Matthäus Prätorius (; (c.1635–c.1704) was a Protestant pastor, later a Roman Catholic priest, a historian and ethnographer.

Prätorius is thought to have been born in Memel (Klaipėda). He probably grew up speaking both German and Lithuanian, which helped him when preaching to the ethnic Lithuanians in Ducal Prussia. His work about Prussia and its culture, Deliciae Prussicae, oder Preussische Schaubühne, resembles the work of Christoph Hartknoch, with whom he collaborated. Prätorius' work provides much more ethnographic information regarding local Lithuanians and Old Prussians.
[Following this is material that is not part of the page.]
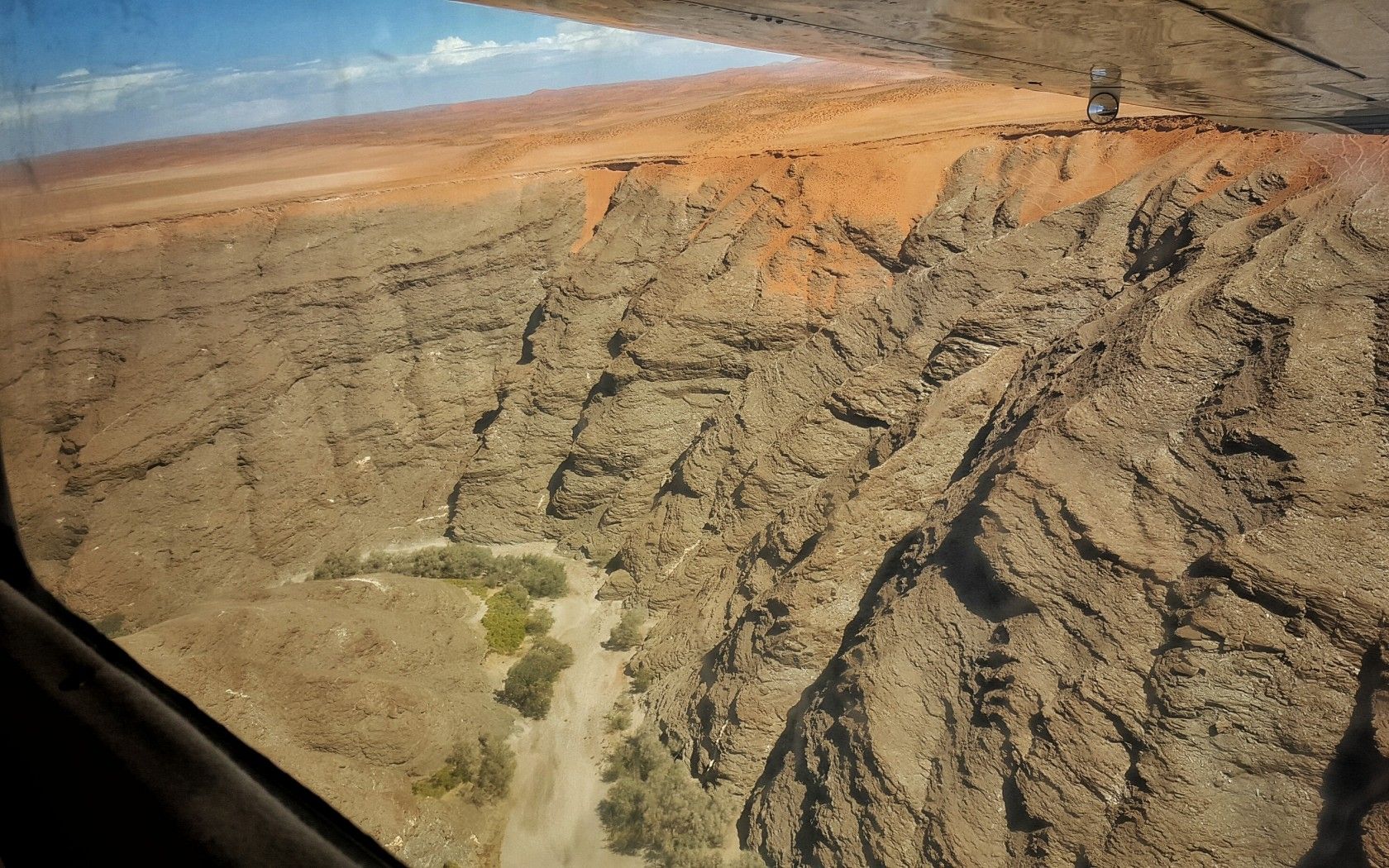 Juste au moment où je pensais devoir le dire au pilote, qui n'avait peut-être pas réalisé que nous descendions si bas que je pouvais établir un contact visuel avec un oryx broutant sous nous, le sol s'est effondré sous notre avion et nous avons navigué joyeusement dans le ciel et dans le canyon de Kuiseb. J'ai poussé un soupir de soulagement, ainsi que le reste de mes compagnons de vol, et le pilote s'est retourné pour faire un sourire ironique. C'était cruel.

It was only published partially, in 1725 (in Erleutertes Preußen), 1731 (in Acta Borussica) and 1871. A complete edition, in seven volumes, with original German text and Lithuanian translation, is under preparation in Lithuania.

In 1701, having converted from Protestantism to Roman Catholicism, he appealed against an ongoing case of witch-hunt.  He died in Wejherowo (Weyherststadt).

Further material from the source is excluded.